Work request — When you reach the line that contains "Plátěná taška s", please begin copying, and carry on exactly to the last line of the material, leaving out every picture.

Data block —
——————————
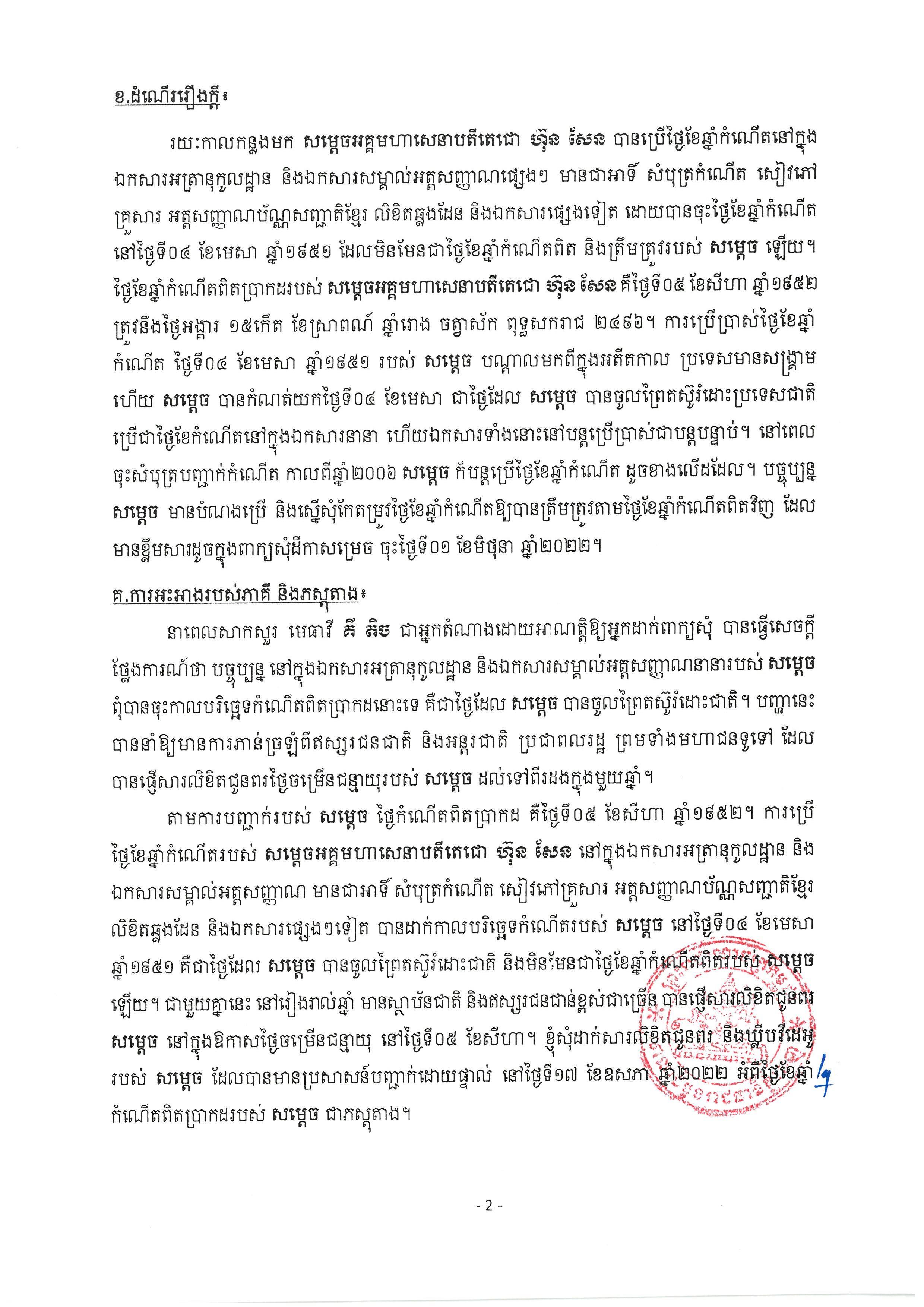 សូមរំលឹកថា លោក គី តិច មេធាវីតំណាងដោយអាណត្តិរបស់សម្តេចតេជោ ហ៊ុន សែន នាយករដ្ឋមន្ត្រីនៃកម្ពុជា នៅថ្ងៃទី០១ ខែមិថុនា ឆ្នាំ២០២២កន្លងទៅ បានដាក់ពាក្យសុំឲ្យប្រធានសាលាដំបូងរាជធានីភ្នំពេញ ចេញដីកាសម្រេចកែតម្រូវថ្ងៃខែឆ្នាំកំណើតសម្តេចតេជោ មកថ្ងៃខែឆ្នាំពិតប្រាដកវិញ គឺថ្ងៃទី៥ ខែសីហា ឆ្នាំ១៩៥២។
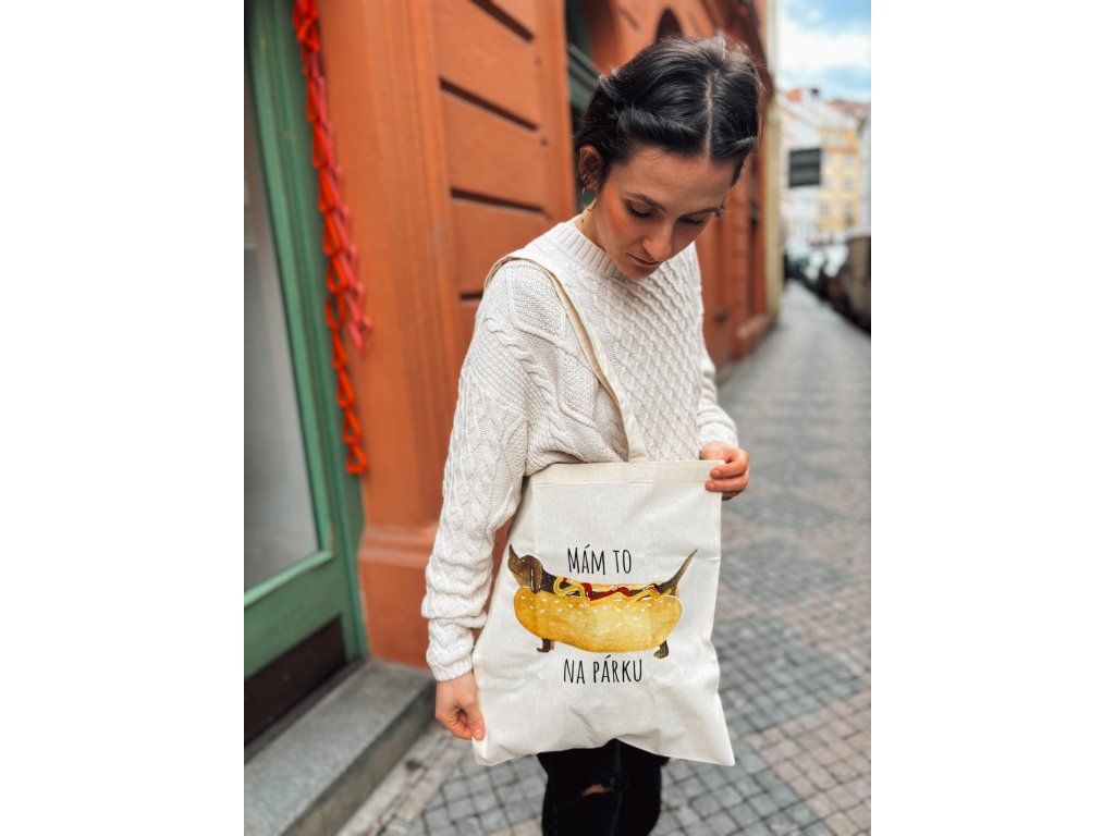 Plátěná taška s našim oblíbeným autorským potiskem jezevčíka v hot dogu a textem "Mám to na párku".
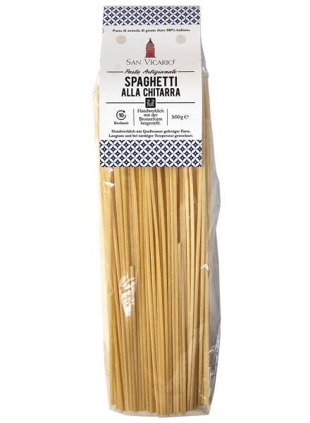 San Vicario "Spaghetti alla chitarra" sind eine echte Spezialität aus den Abruzzen. Es sind traditionelle, quadratische Spaghetti, mit 2,2 mm Durchmesser besonders dick. Sie werden aus hochwertigem Bio-Hartweizengrieß mit der Bronzeform hergestellt und trocknen bei rund 40 °C für ca. 50 Stunden. Da sie deutlich dicker sind, als normale Spaghetti, zeigen sie einen schönen, vollaromatischen Eigengeschmack in jedem Pastagericht. Durch ihre rauhe Oberfläche (Bronzeform) haftet die Sauce wunderbar an, ein wirklicher Genuss!.
——————————
Worked solution —
 Plátěná taška s našim oblíbeným autorským potiskem jezevčíka v hot dogu a textem "Mám to na párku".
 San Vicario "Spaghetti alla chitarra" sind eine echte Spezialität aus den Abruzzen. Es sind traditionelle, quadratische Spaghetti, mit 2,2 mm Durchmesser besonders dick. Sie werden aus hochwertigem Bio-Hartweizengrieß mit der Bronzeform hergestellt und trocknen bei rund 40 °C für ca. 50 Stunden. Da sie deutlich dicker sind, als normale Spaghetti, zeigen sie einen schönen, vollaromatischen Eigengeschmack in jedem Pastagericht. Durch ihre rauhe Oberfläche (Bronzeform) haftet die Sauce wunderbar an, ein wirklicher Genuss!.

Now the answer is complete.